— Task instructions —
In the records below, reproduce exactly the lines from the one containing "on White Background." through the one containing "英特尔的晶圆代工业务收入在 2025 年第三季度实现", both included, and omit the pictures.

— Materials provided —

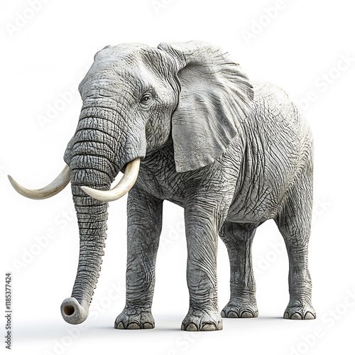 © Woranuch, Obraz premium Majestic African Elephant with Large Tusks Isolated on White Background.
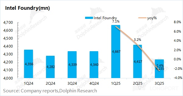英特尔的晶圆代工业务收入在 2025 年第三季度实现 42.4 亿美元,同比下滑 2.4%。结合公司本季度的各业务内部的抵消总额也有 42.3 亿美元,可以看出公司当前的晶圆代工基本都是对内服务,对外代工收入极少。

...

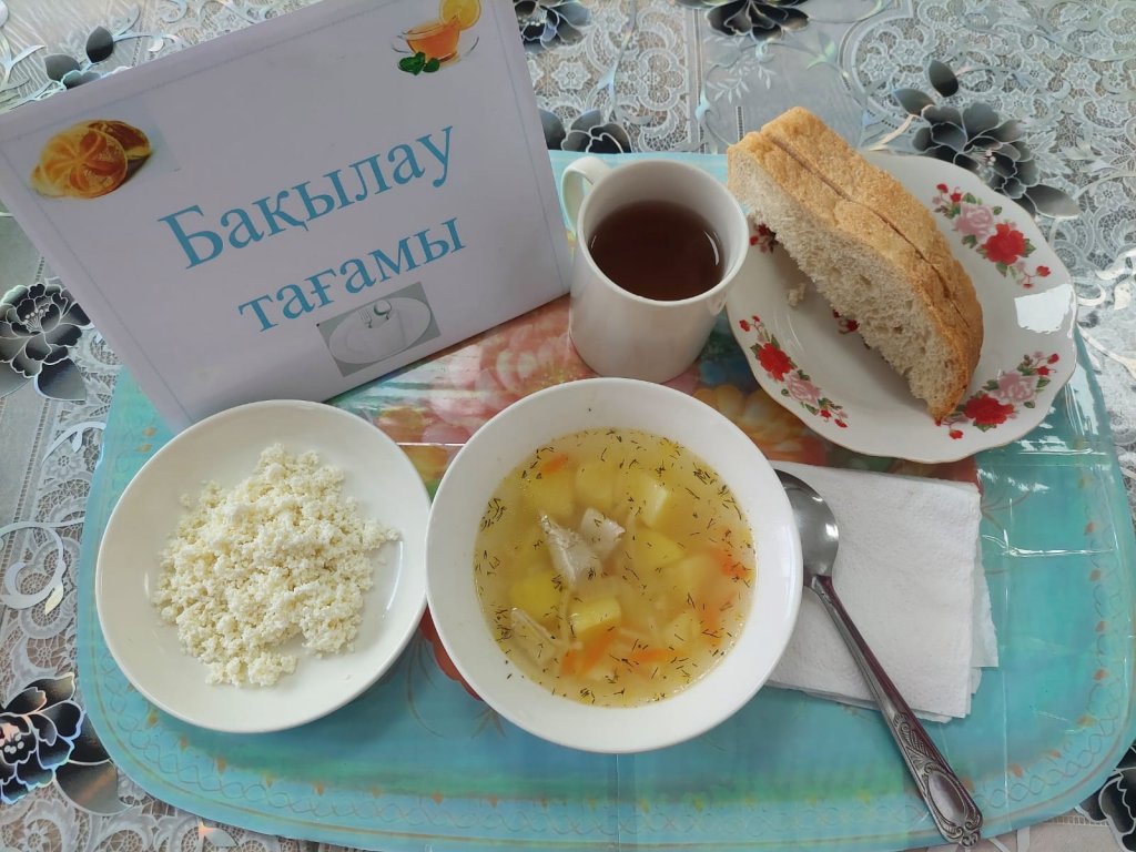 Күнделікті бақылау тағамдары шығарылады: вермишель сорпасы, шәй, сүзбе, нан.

— Problem solution —
 © Woranuch, Obraz premium Majestic African Elephant with Large Tusks Isolated on White Background.
英特尔的晶圆代工业务收入在 2025 年第三季度实现 42.4 亿美元,同比下滑 2.4%。结合公司本季度的各业务内部的抵消总额也有 42.3 亿美元,可以看出公司当前的晶圆代工基本都是对内服务,对外代工收入极少。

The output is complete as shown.